# Sprint 2: RAG Development - Semantic Search Tool

This notebook prototypes the RAG (Retrieval-Augmented Generation) tool for the Airbnb Market Intelligence Agent.

## Goals:
1. Load and prepare Airbnb data for semantic search
2. Create text embeddings using OpenAI's embedding models
3. Build a vector store with Chroma
4. Implement RetrievalQA chain for semantic search
5. Test with qualitative questions about property features

## Features:
- Text document creation from property descriptions
- Chunking with RecursiveCharacterTextSplitter
- OpenAI embeddings for semantic understanding
- Local Chroma vector store
- RetrievalQA chain for intelligent search


In [1]:
# Import required libraries
import pandas as pd
import os
from dotenv import load_dotenv

# LangChain imports for RAG
from langchain.text_splitter import RecursiveCharacterTextSplitter
from langchain_openai import OpenAIEmbeddings, ChatOpenAI
from langchain_community.vectorstores import Chroma
from langchain.chains import RetrievalQA
from langchain.schema import Document

# Load environment variables
load_dotenv()

print("✅ All libraries imported successfully")
print(f"OpenAI API Key loaded: {'Yes' if os.getenv('OPENAI_API_KEY') else 'No'}")

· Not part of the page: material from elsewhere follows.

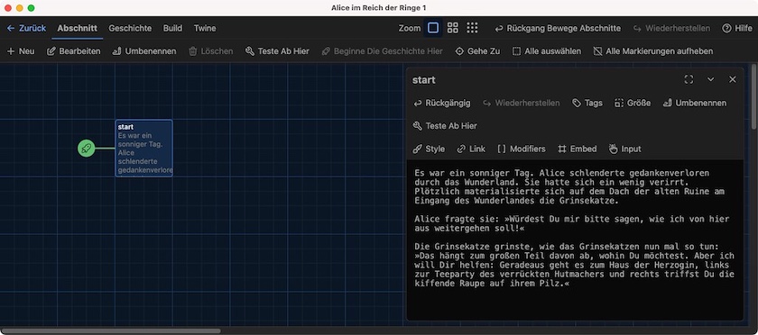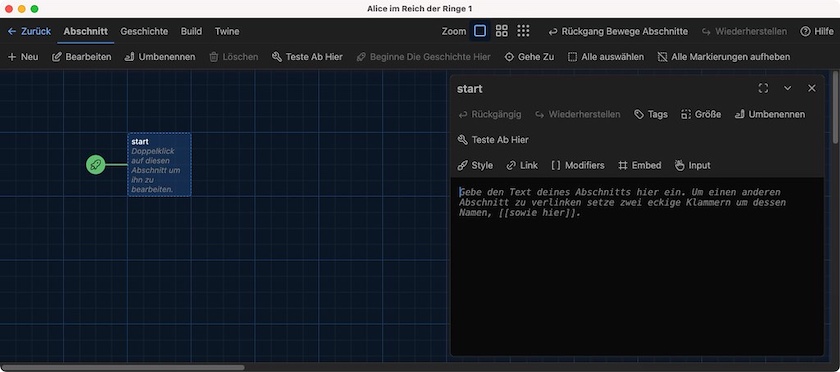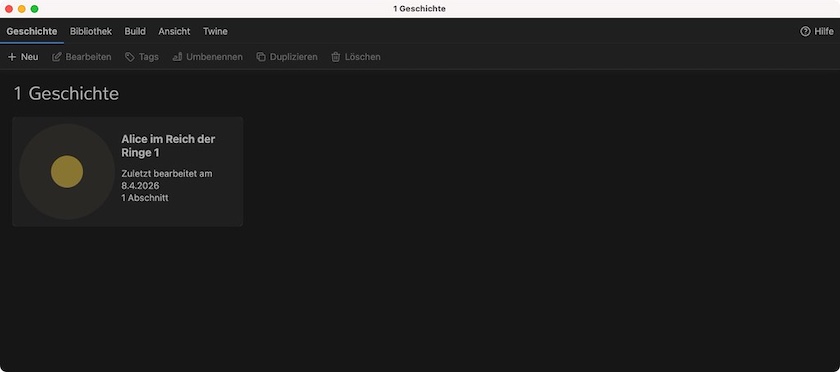 Als erstes legt Ihr auf dem Startbildschirm von Twine unter Geschichte > Neu eine neue Geschichte an. Ich habe sie »Alice im Reich der Ringe« genannt, aber das könnt Ihr nach Belieben verändern (Geschichte > Umbenennen).

✅ All libraries imported successfully
OpenAI API Key loaded: Yes


In [2]:
# Load the processed Airbnb data
print("Loading Airbnb data...")

# Define path to processed data
data_path = os.path.join("..", "data", "processed", "airbnb_unified_data.csv")

# Load the DataFrame
df = pd.read_csv(data_path)

print(f"✅ Data loaded successfully!")
print(f"Shape: {df.shape}")
print(f"Columns: {list(df.columns)}")

# Display basic info about the dataset
print(f"\nDataset Overview:")
print(f"Total listings: {len(df):,}")
print(f"Cities: {df['city'].unique()}")
print(f"Sample of text columns:")
print(f"- Name: {df['name'].iloc[0][:100]}...")
print(f"- Description: {df['description'].iloc[0][:100]}...")
print(f"- Neighborhood: {df['neighborhood_overview'].iloc[0][:100]}...")


Loading Airbnb data...
✅ Data loaded successfully!
Shape: (49766, 81)
Columns: ['id', 'listing_url', 'scrape_id', 'last_scraped', 'source', 'name', 'description', 'neighborhood_overview', 'picture_url', 'host_id', 'host_url', 'host_name', 'host_since', 'host_location', 'host_about', 'host_response_time', 'host_response_rate', 'host_acceptance_rate', 'host_is_superhost', 'host_thumbnail_url', 'host_picture_url', 'host_neighbourhood', 'host_listings_count', 'host_total_listings_count', 'host_verifications', 'host_has_profile_pic', 'host_identity_verified', 'neighbourhood', 'neighbourhood_cleansed', 'neighbourhood_group_cleansed', 'latitude', 'longitude', 'property_type', 'room_type', 'accommodates', 'bathrooms', 'bathrooms_text', 'bedrooms', 'beds', 'amenities', 'price', 'minimum_nights', 'maximum_nights', 'minimum_minimum_nights', 'maximum_minimum_nights', 'minimum_maximum_nights', 'maximum_maximum_nights', 'minimum_nights_avg_ntm', 'maximum_nights_avg_ntm', 'calendar_updated', 'has_ava

  df = pd.read_csv(data_path)


In [3]:
# Prepare text documents for RAG
print("Creating text documents from property data...")

# Select and combine text columns
text_columns = ['name', 'description', 'neighborhood_overview']

# Create documents by combining text fields
documents = []
for idx, row in df.iterrows():
    # Combine text fields into a single document
    text_parts = []
    
    # Add property name
    if pd.notna(row['name']):
        text_parts.append(f"Property Name: {row['name']}")
    
    # Add description
    if pd.notna(row['description']):
        text_parts.append(f"Description: {row['description']}")
    
    # Add neighborhood overview
    if pd.notna(row['neighborhood_overview']):
        text_parts.append(f"Neighborhood: {row['neighborhood_overview']}")
    
    # Add metadata
    metadata = {
        'listing_id': row['id'],
        'city': row['city'],
        'price': row['price'],
        'property_type': row['property_type'],
        'room_type': row['room_type'],
        'bedrooms': row['bedrooms'],
        'beds': row['beds']
    }
    
    # Create document if we have text content
    if text_parts:
        combined_text = "\n\n".join(text_parts)
        doc = Document(
            page_content=combined_text,
            metadata=metadata
        )
        documents.append(doc)

print(f"✅ Created {len(documents):,} documents")
print(f"Sample document:")
print(f"Content: {documents[0].page_content[:200]}...")
print(f"Metadata: {documents[0].metadata}")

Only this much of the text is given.